## [How to complete this task]
Every line of the listing below from the one with "Süßer Osterhasen-Clip in" up to and including the one with "告白成功后,不仅将增加双方 魅力值 。魅力值排名" should be retyped exactly, and nothing else; pictures are not part of the copy.

## [Input]
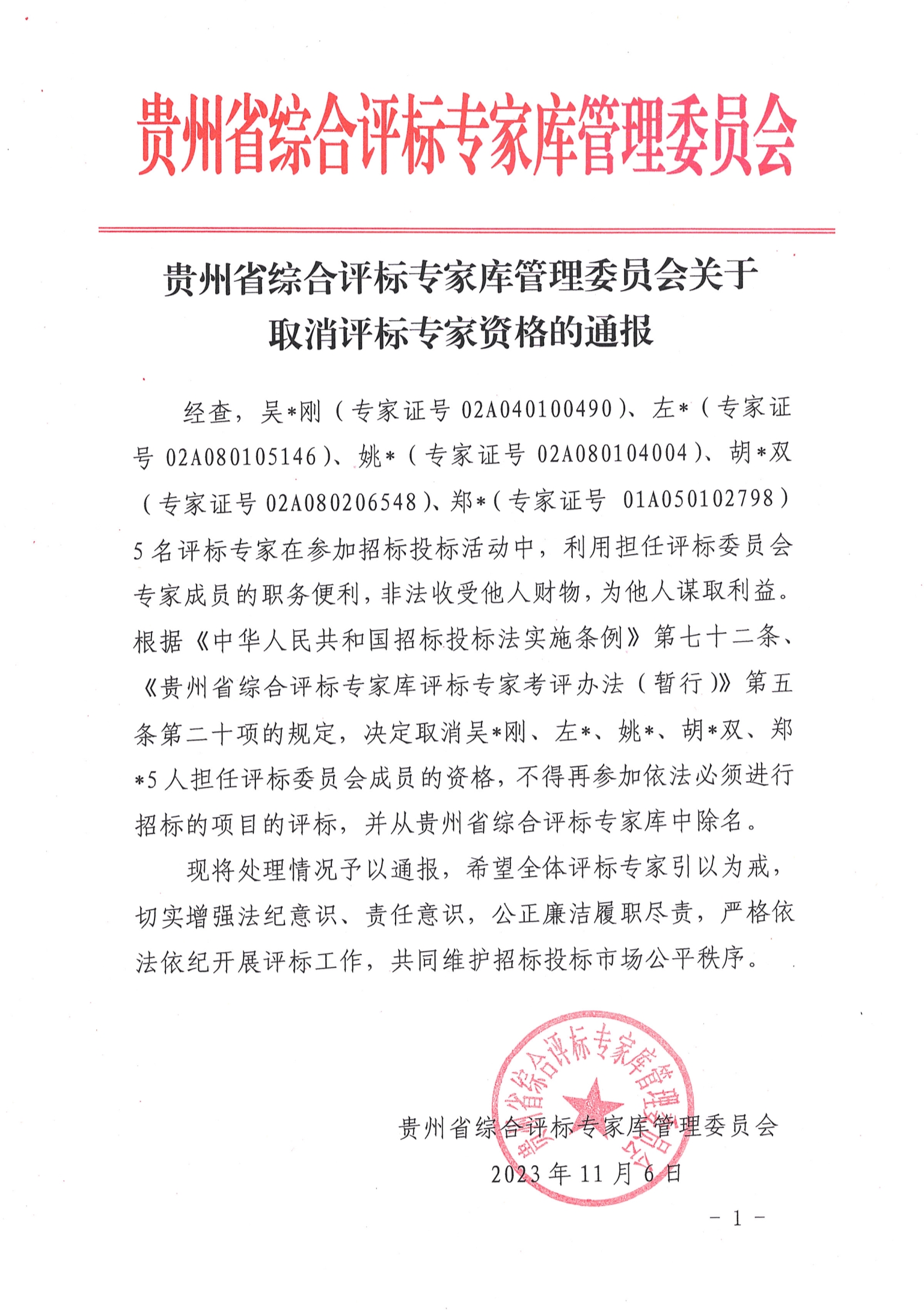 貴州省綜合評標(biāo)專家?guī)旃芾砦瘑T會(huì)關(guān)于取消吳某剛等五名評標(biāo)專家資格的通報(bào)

---

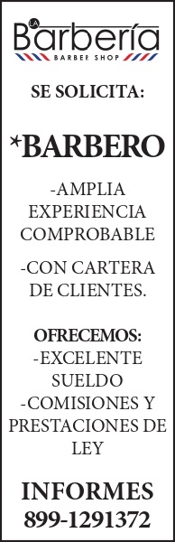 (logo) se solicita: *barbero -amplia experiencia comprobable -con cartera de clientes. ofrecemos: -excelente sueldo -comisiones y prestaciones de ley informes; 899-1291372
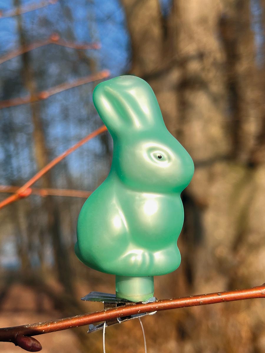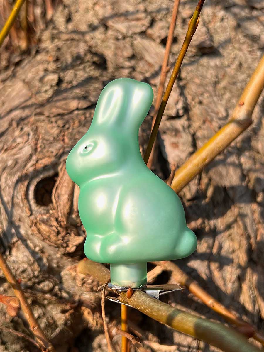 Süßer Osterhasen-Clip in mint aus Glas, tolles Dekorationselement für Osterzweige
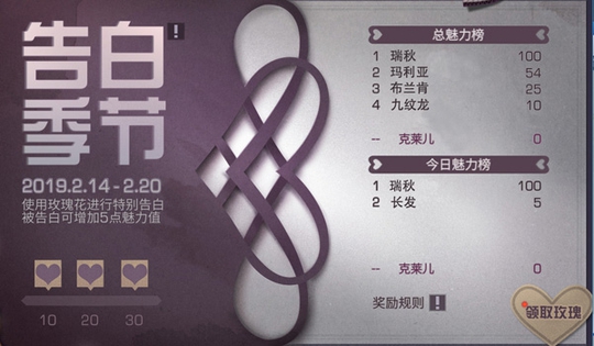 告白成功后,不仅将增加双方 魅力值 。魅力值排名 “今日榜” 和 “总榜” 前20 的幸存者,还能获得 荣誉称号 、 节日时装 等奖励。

## [Expected answer]
 Süßer Osterhasen-Clip in mint aus Glas, tolles Dekorationselement für Osterzweige
 告白成功后,不仅将增加双方 魅力值 。魅力值排名 “今日榜” 和 “总榜” 前20 的幸存者,还能获得 荣誉称号 、 节日时装 等奖励。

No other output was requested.